Spotify ayrıca podcast reklamcılığına yeni bir bakış açısı getirmeyi amaçlıyor. Geçtiğimiz ay, Podcast’lere reklam vermek isteyenlere yönelik, Spotify dinleyicilerinin demografik bilgilerini ve davranışlarını kullanarak hedefleme yapabilecekleri platformunu duyurdu. Şimdilik bunu sadece kendi network’üne özel podcast’lerde denemeyi planlayan şirket, başarılı olursa anchor üzerinden yayınlanan podcast’lerin tamamına bu özelliği açmayı planlıyor. Eğer her şey planlandığı gibi giderse, spotify podcast yapımcılarıyla reklam verenleri buluşturan ana oyuncu rolünü üstlenebilir. Bu noktada aklınıza şu soru gelebilir? Ne kadar büyük bir reklam pastasından bahsediyoruz da Spotify bu kadar fazla podcast yatırımı yapıyor? Emarketer sitesinde yayınlanan araştırmaya göre, 2020 yılında Amerika’da yaklaşık 860 milyon dolarlık bir podcast reklam pastası olması bekleniyor.2021 yılında bu rakamın 1 milyar doları geçeceği tahmin ediliyor. İlk bakışta büyük gibi görünse de hala çok küçük bir pasta. 2020 yılında dijital reklamcılığa harcanması beklenen toplam paranın yaklaşık 160 milyar dolarlar olacağını düşünürsek, podcast reklamalarının ne kadar küçük bir dilim olduğunu daha iyi anlayabiliriz. Henüz kendi ağzından duymasak da, Spotify ana oyuncu rolünü üstlenip podcast reklam pastasını tahmin edilenin çok üstünde bir hızda büyütmeyi hedefliyor olabilir. Spotify’ın penceresinden baktığımda, podcast yapmanın sabit bir maliyeti var ve üretilen bu içerik teorik olarak sınırsız bir kitle tarafından dinlenebiliyor. Bu da şirketin birçok reklam noktası satabilmesine olanak tanıyor. Bu uğraşın şu anki düşük kar marjlı iş modeline göre çok daha karlı olduğu bir gerçek.

Yavaş yavaş toparlamak gerekirse, streaming müzik piyasası son yıllarda hızla büyüyor. Spotify bu büyüyen pazarın en önemli oyuncusu konumunda. Her ne olursa olsun Spotify’ın hem normal hem de Premium abone sayısını, her yıl yaklaşık %30 arttırması benim için en önemli metrik. Spotify’ın kendisini rakiplerinden farklılaştırmak adına Podcast’lere yaptığı yatırımların çok mantıklı olduğunu düşünüyorum.
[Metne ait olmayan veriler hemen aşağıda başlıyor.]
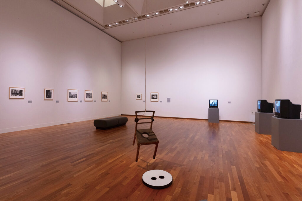 愛知県美術館の「アブソリュート・チェアーズ 現代美術のなかの椅子なるもの」は、さまざまな形で現代美術に摂取された椅子の作品を提示することで、椅子と、腰かける私たちの身体について問いかける企画だった。ところで、本展には「障害と政治」という裏のテーマが見え隠れする。ダラ・バーンバウムの映像《座らされた不安》における自閉症者を連想させる常同行動を椅子の上で繰り返す女性の姿や、東大全共闘時の安田講堂内にいた渡辺眸が撮った写真集《東大全共闘 1968-1969》におけるバリケードにされた椅子、女性たちが議論する場で腰かけている椅子は、着座以外の使途や、対話の媒介としての役割など、椅子の多面性を示している。椅子は学校の教室のように人の行動を制約することもあれば、制約からの解放をもたらすこともあるのである。
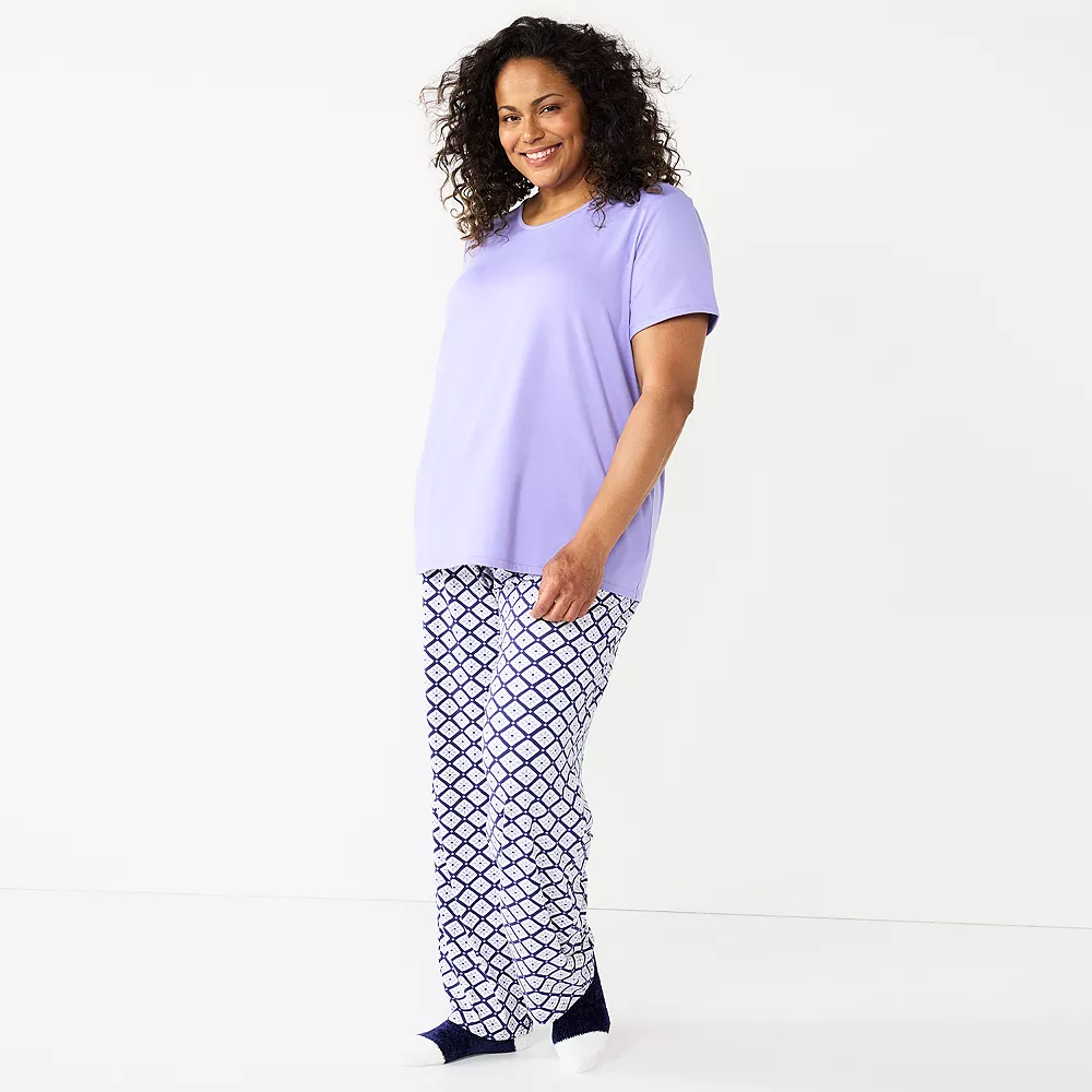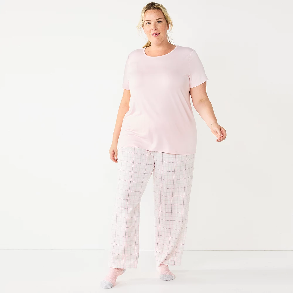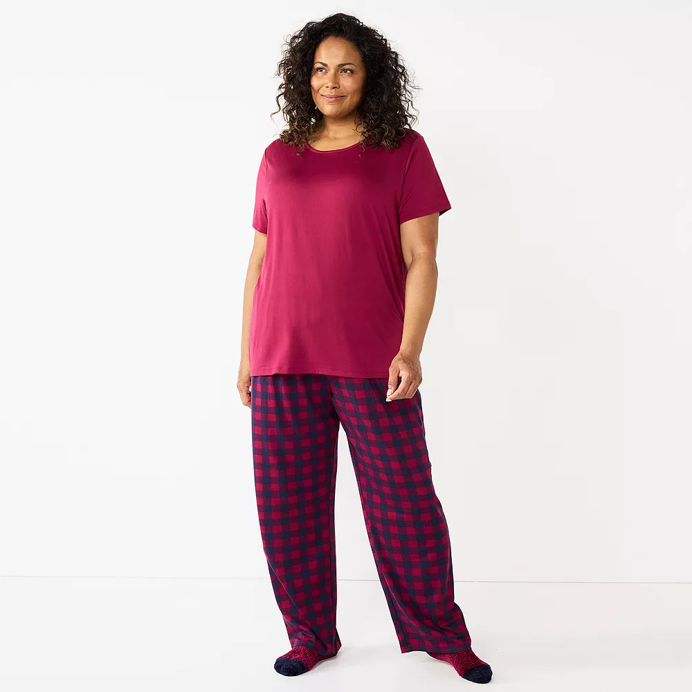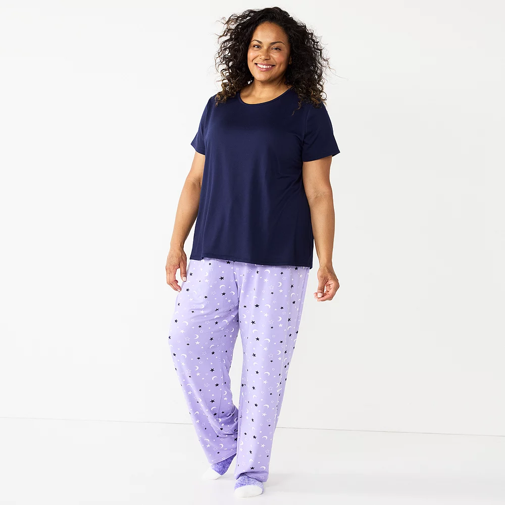 Coordinating and cozy, this women’s Croft & Barrow short sleeve pajama top and pajama pants sleep set will have you drifting off in complete comfort.
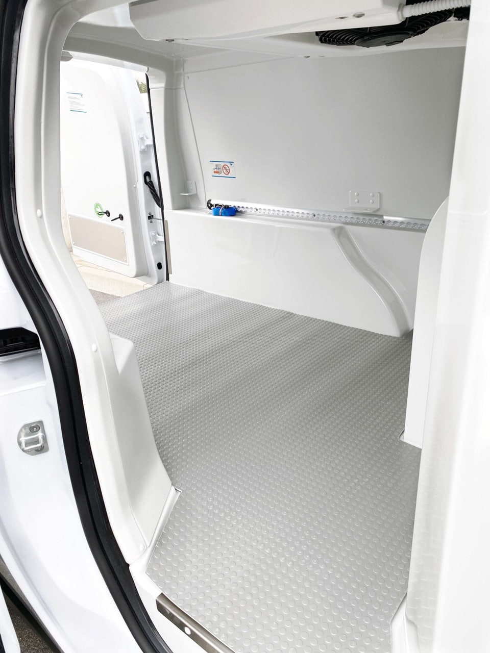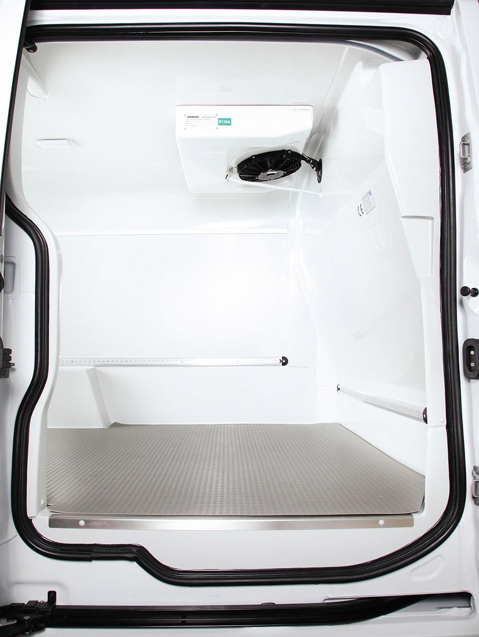 Die Kombination einer leistungsstarken und neu entwickelten integrierten Kühlanlage ohne Dachaufbau mit einer hochwertigen GFK Laderaumverkleidung und wirkungsvoller Dämmung nach ATP- und HACCP Norm im TC.VAN® Ausbau mit Kühl- und Heizfunktion sorgt für einen sicheren Transport aller Lebensmittel, wie z.B. Fleisch- und Wurstwaren oder Fisch.
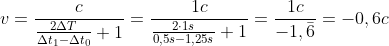 1. Zwei Uhren A und B sind zueinander bewegt und sie ermitteln ihre Relativgeschwindigkeit über Lichtimpulse, die im Abstand von ΔT=1s Eigenzeit erfolgen. Der erste Lichtimpuls kommt nach Δt0=1,25s zurück und der zweite nach Δt1=0,5s. Die Geschwindigkeit ist damit
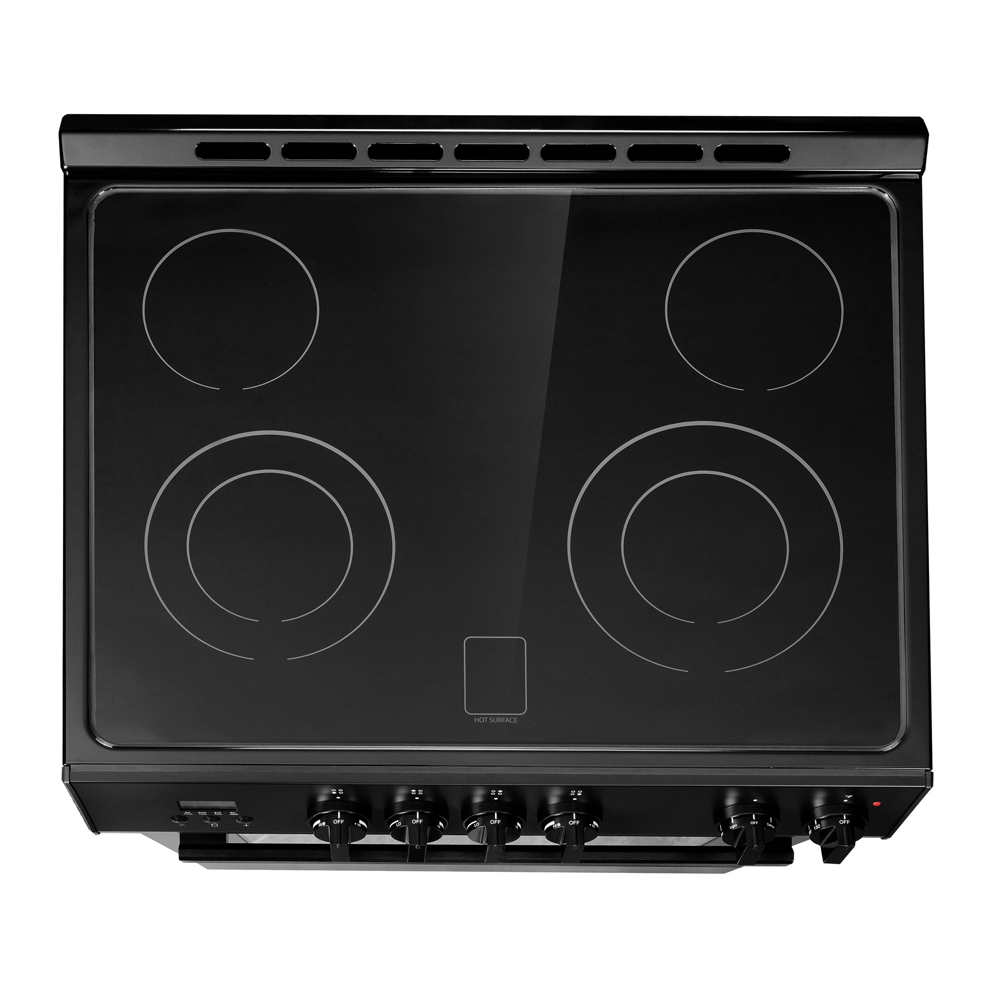 - Smooth Black Glass Cooktop: Easy-to-clean surface with four burners for versatile cooking: 3700W dual-element burner (8.75" 2500W / 5.5" 1200W), 3200W dual-element burner (8.75" 2200W / 5.5" 1000W), and Two 1200W single-element burners.
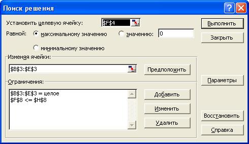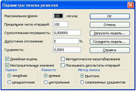 · на экране диалоговое окно Параметры поиска решения;
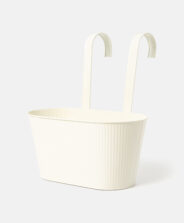 Bijela viseća posuda za biljke s rebrastim stijenkama osvojit će vas svojim proljetnim dizajnom. Praktične kuke za vješanje omogućuju vam da posudu za cvijeće postavite na balkonsku ogradu ili pregradu, čime izvrsno iskorištavate prostor. U ponudi su dostupni različiti motivi.
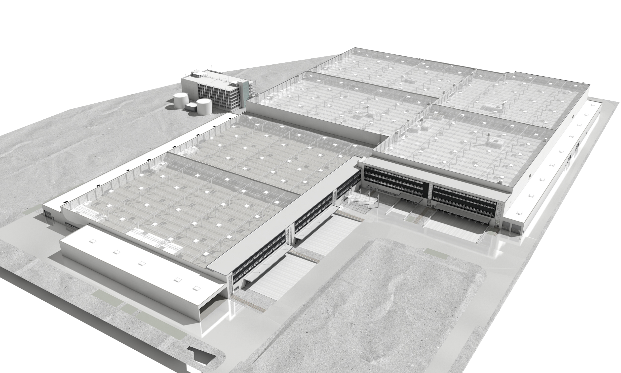 Das neue Logistikzentrum besteht aus sechs geschlossenen, miteinander verbundenen, nur durch Brandwände separierte Hallen, mehreren offenen, überdachten Bereichen und einem alleinstehendem Parkhaus, das über eine Fußgängerbrücke und einen Skywalk erreichbar ist. Der Hallenkomplex misst im Grundriss ca. 380 m x 240 m. Die sechs Hallen der Logistikanlage zusammen erstrecken sich über eine Nutzfl äche von rund 120.000 qm. Die Hallen 1 und 2 bzw. 5 und 6 wurden nachträglich zweigeschossig geplant, um die erforderliche Größe für den Mieter Audi und VW, die hier zwei Logistikgewerke mit insgesamt 700 Mitarbeitern zusammenlegen wollen, zu gewährleisten.
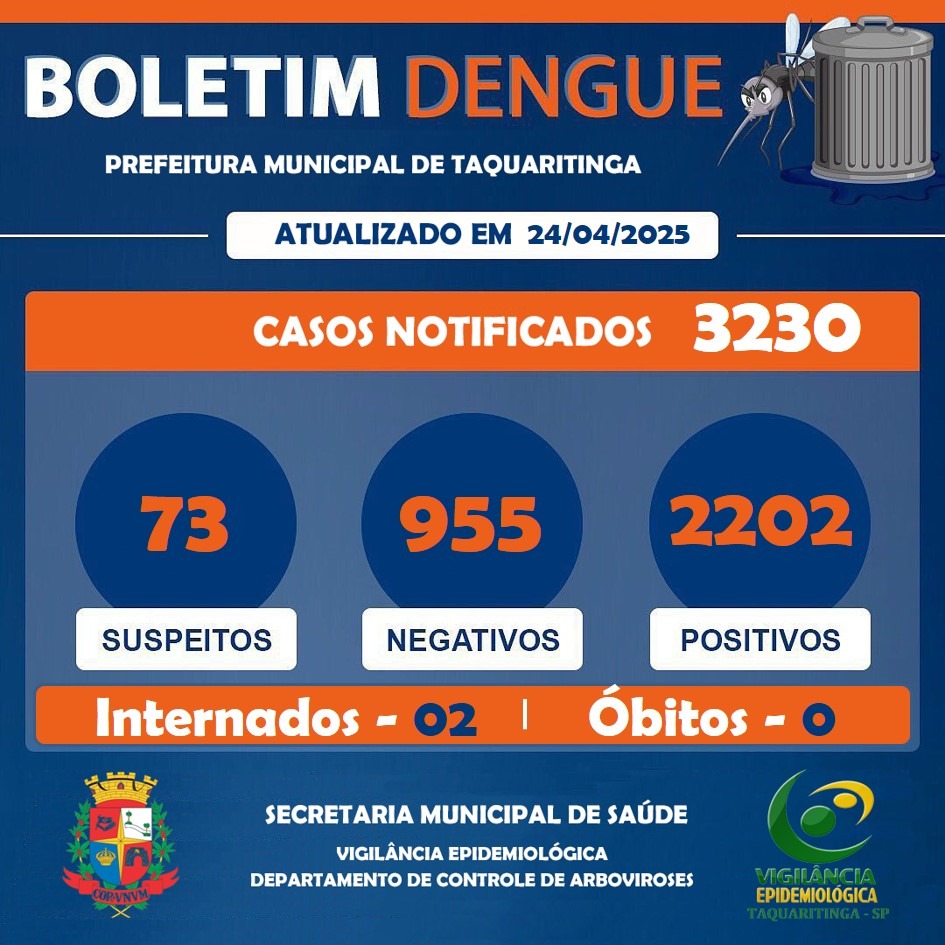O município de Taquaritinga vive um cenário preocupante em relação à dengue. De acordo com o boletim epidemiológico divulgado pela Prefeitura Municipal nesta quinta-feira, 24 de abril de 2025, a cidade já acumula 3.230 casos notificados, sendo 2.202 confirmados como positivos para a doença. O número coloca a cidade em estado de alerta e exige atenção redobrada da população e das autoridades de saúde.

Kendi içinde hızlı büyüyen Podcast kategorisini merkeze alarak büyümek, Spotify’ın apple, amazon, google gibi rekabette doğal avantajları olan rakipleri karşısında oynayabileceği en iyi koz gibi görünüyor. Bütün bunları anlattıktan sonra, stream müzik servislerinin, müzik dünyasındaki gelir paylaşımını daha adil hale getirmesi en büyük dileğim. Teoride seçimlerimizde tamamen özgürüz. Ancak hazır listeler yardımıyla ya da öneriler üzerinden dinlediğimiz şarkıların ne kadar manüpile edildiği hakkında hiçbir fikrimiz yok. Şimdilik bu noktayı görmezden gelerek podcast’i kapatıyorum.